VAN BUREN, Mo. (AP) — A young Missouri lawmaker who promised a "fresh approach" and denounced "reckless spending in Washington" won the Republican nomination Saturday to replace resigned U.S. Rep. Jo Ann Emerson.
State Rep. Jason Smith (R-Dist. 150)) prevailed after six rounds of voting by an 84-person committee of local Republican leaders and immediately became the favorite in a June 4 special election in the GOP-leaning 8th District.
"We're going to win this seat," Smith declared to the applause of fellow Republicans after accepting the nomination.
"The fiscal responsibility in Washington, D.C., is what's destroying our country, and we've got to take control of it and get it back," he added.
At age 32, Smith would be one of the younger members of Congress, but he already has plenty of experience as a lawmaker. Smith won a special election to the Missouri House of Representatives in November 2005 and, because of term limits, is now one of the most senior members of the chamber. After serving as majority party whip, his colleagues elected him in January as House speaker pro tem — the No. 2 ranking position.
On Saturday, he defeated nine other GOP candidates, including Lt. Gov. Peter Kinder, former state Sen. Jason Crowell and former state party Chairman Lloyd Smith, who had been Emerson's chief of staff.
Missouri's 8th Congressional District is one of three vacant seats in the nation, but it's the only one where party leaders — not voters — are choosing the candidates. Democrats are to select their nominee next weekend.
Emerson, 62, resigned Jan. 22 to become president and CEO of the National Rural Electric Cooperative Association, ending a 32-year run of family representation in Congress. Her late husband, Republican Rep. Bill Emerson, first won the seat in 1980 and served until he died of lung cancer in June 1996. Jo Ann Emerson then won an election to succeed her husband and rarely faced a formidable challenge thereafter.
Missouri's sprawling 8th District stretches south from the outer suburbs of St. Louis to the agricultural-base of the Missouri Bootheel and westward to the rolling Ozark hills. The district's residents are the poorest and least educated in Missouri, with a median household income of less than $36,000 and more than 85 percent lacking college bachelor's degrees.

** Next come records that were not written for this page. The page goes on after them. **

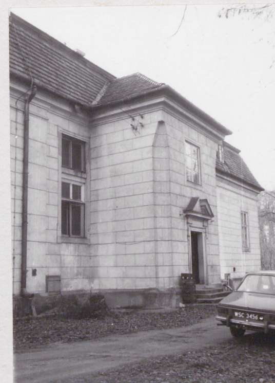
fot.17 ryzalit w elewacji tylnej.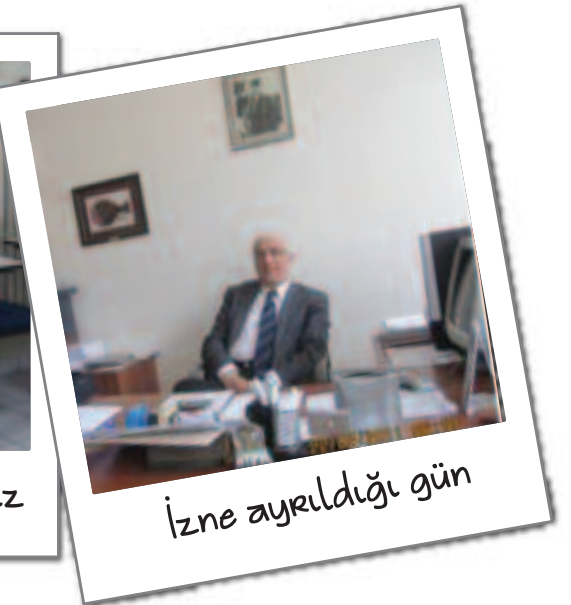
İzne ayrıldığı gün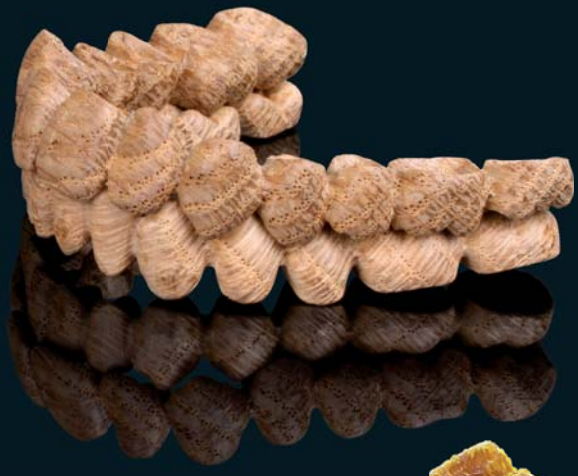
madera de roble encerada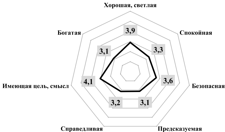
Рис. 2. Представления взрослой молодёжи о жизни в России через 10–15 лет*, в средних оценках от 1 до 7 по каждому параметру** (n=550)

Fig. 2. The views of adult youth about life in Russia in 10–15 years, in average estimates from 1 to 7 for each parameter (n=550)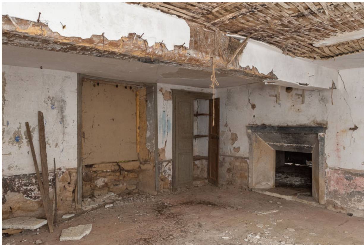
Vue d'une chambre, au rez-de-chaussée de l'ancienne maison, à droite de la cuisine 71, Saint-Julien-de-Jonzy, lieudit : Parigny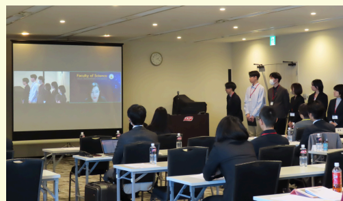
2024 SPRINGInternational Workshop (合同研究発表会)

2021年4月から、「データ思考イノベティブ人材フェローシップ」として、3年間、優秀な博士後期課程学生支援を行ってきました。文部科学省の事業統合により、2024年4月から「データ思考イノベティブ人材育成プログラム(SPRING)事業」として、支援学生数・支援内容を拡充し、支援を行っています。研究者としての研究力を向上させ、多様なキャリアパスを目指し、本学ならびに我が国の「科学技術・イノベーション」に貢献する人材を育てます。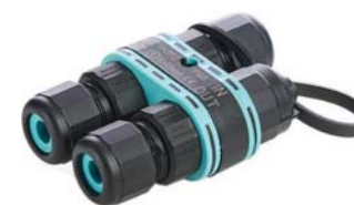
TH392 - ZŁĄCZE MINI CZTERODROŻNE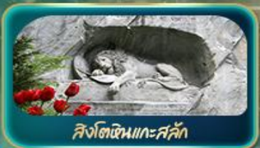
สิงโตหินแกะสลัก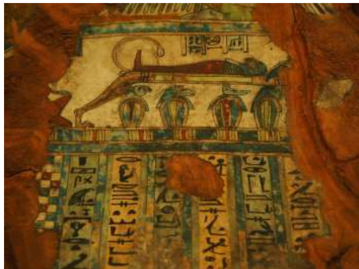
Részlet Iszet-iri-khet-esz koporsójáról

osztatú, arany csíkozású parókat visel, a vállak vörös alapon sárgával pettyezettek, alatta szárnyas szkarabeusz. A hétsoros nyaklánc alatt Ízisz istennő térdpel szárnyait kitarva, fején napkoronggal. A következő regiszterben három istenség, középen Ozirisz atef -koronával, heqa -jogaral és ostorral. A függőleges oszlop közepén egy arany sáv húzódik, oldalain két-két Hórusz fiúval. A múmia lábát festett szandálokkal díszítették. Csak a talpon lévő csíkozás maradt meg.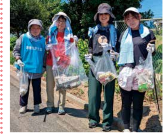
笑顔でごみ拾い! 町も身体も健康に

参加者からは「タバコの吸い殻が多かった」との感想が最も多く出され、実際に1.6kgも回収 (健康事業部 井上睦美)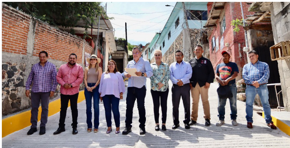
▲ Como parte del programa anual de obra pública 2023, en Jiutepec se realizan obras de infraestructura social en 16 centros de población del municipio.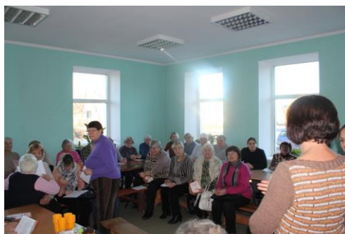
3 pav. Keletas epizodų iš paskaitos „Sveika mityba pagal ajurvedos principus“

Dar vienas renginys, skirtas gyventojų susidomėjimo sveiku gyvenimo būdu, didinimui – akcija „Sveikatos rytmetis“ (2014 02 11-12). Daugiau kaip 50 Rokiškio raj. sav. gyventojų galėjo patikrinti gliukozės kiekį kraujyje, pasimatuoti spaudimą, atlikti kūno masės analizę (riebalų, raumenų, skysčių kiekį, KMI) bei sužinoti, kaip yra rekomenduojama sveikai maitintis.

A resident of rural Salem, Smith touted the fact that he drove 10,000 miles to all 30 counties in the district and visited with each committee member over the past two months. Smith is a man of many trades. He owns a fourth-generation family farm with about 30 cattle, is an attorney and also a partner in a real estate business.
During a speech Saturday before committee members began voting, Smith pledged to "bring a fresh approach" to conservative policies without trying to "speak and yell the loudest." He lead after each round of voting, gradually pick up more support as other candidates were dropped from the ballot.
Smith described himself as more conservative than U.S. House Speaker John Boehner and said his goal is "to cooperate but not compromise on your core values." He asserted that President Barack Obama and "Washington, D.C., liberals" are twisting the words of the Declaration of Independence by trying to "guarantee happiness" instead of simply assuring people have the right to pursue happiness.
Federal spending, Obama's health care law and policies that "tax the rich to give to the poor" all are making the country "less American," Smith said. "It makes us less independent, less prosperous and less free."
Because there was no traditional primary, there was no mass media advertising and little need for candidates to fund raise. Consequently, the campaign was intensely personal. Many candidates met face-to-face with committee members in their homes, coffee shops or at public forums. On the eve of Saturday's meeting, for example, the eventual finalists all dined at the same restaurant in Van Buren — each seated at separate tables conversing with committee members. Their handshake campaigning continued up to the last minute before the meeting was gaveled into session Saturday.
Smith portrayed a less confrontational style than some of the other finalists.
Kinder, for example, had pledged to be Boehner's "worst headache" if he didn't get spending under control. Crowell had emphasized his record of shutting down debate in the state Senate to block spending with which he disagreed. Lloyd Smith had declared federal debt to be the "new red menace" that is destroying the nation's future.